DanielStevenLewis opened this issue · comments

https://github.com/Betterment/delayed#migrating-from-delayedjob states "that some configurations, like queue_attributes, exit_on_complete, backend, and raise_signal_exceptions have been removed entirely." I think the lack of raise_signal_exceptions (and the reliance on the behaviour described in https://github.com/Betterment/delayed#running-a-worker-process) could prevent me from suggesting switching over from delayed_job to delayed. Would it be difficult to support raise_signal_exceptions and are there any concerns with the idea of supporting it?

Can you say more about what your concerns are with the delayed behavior? Delayed's behavior prioritizes finishing jobs that have begun to the extent possible before worker shutdown in an attempt not to waste work and minimize job latency. It also leans into the assumption that not every job payload will have been implemented with ideal semantic idempotency. In our view having a more opinionated and curated worker drain/deployment process is an advantage, but would love to learn more about your context.

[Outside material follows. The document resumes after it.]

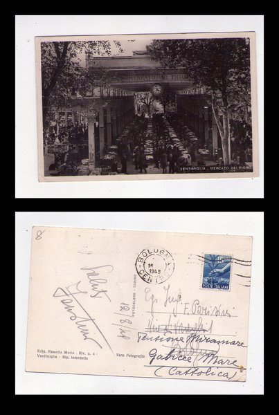 Cartolina / postcard Ventimiglia (Imperia) Mercato dei fiori. 1949
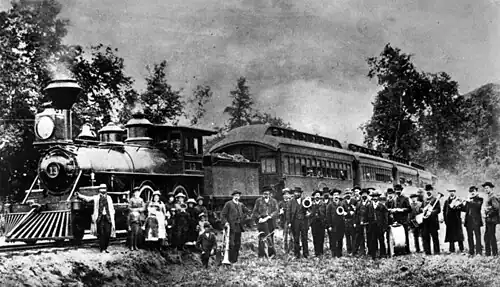 Riverside, Santa Ana and Los Angeles Railway was incorporated September 29, 1885. California Central Railway expanded and completed the rail line started by the Riverside, Santa Ana and Los Angeles Railway Company, from Santa Ana to Los Angeles on August 12, 1888, 34 miles (55 km). Also completed was the line from High Grove to Orange on September 15, 1887, 41 miles (66 km). (started in 1886)[8][9]

We currently use Delayed::Worker.raise_signal_exceptions = :term with delayed_job. I'm hoping that we can switch over to delayed with minimal work/changes needed, and thereby benefit from the performance enhancements it has, as a quick win.
We restart the job servers whenever we deploy (every few days), and we have jobs that take many hours to run. I'm concerned that without this configuration option, after a deployment we'd have jobs that would take a very long time before they can retry.

Thanks for asking @jmileham . Is there more information I should try provide to better speak to your question?

So you're looking to switch to delayed but would need to extend the job timeout, and aren't looking to implement a long-lived draining period in your infra coordination right away? Makes sense. I'll tag out now because @smudge will have smarter thoughts about where to go from here.

Right! Thanks

I started looking into this on Friday, but I'll note that it's a little more complicated than simply adding the feature back. We removed it because it was incompatible with delayed's multithreading (where a single worker can claim & work off multiple jobs at once, configured via the max_claims option). Supporting raise_singal_exceptions in a way that would allow the individual job threads to rescue would require some extra signal-passing across threads that I haven't had a chance to explore yet.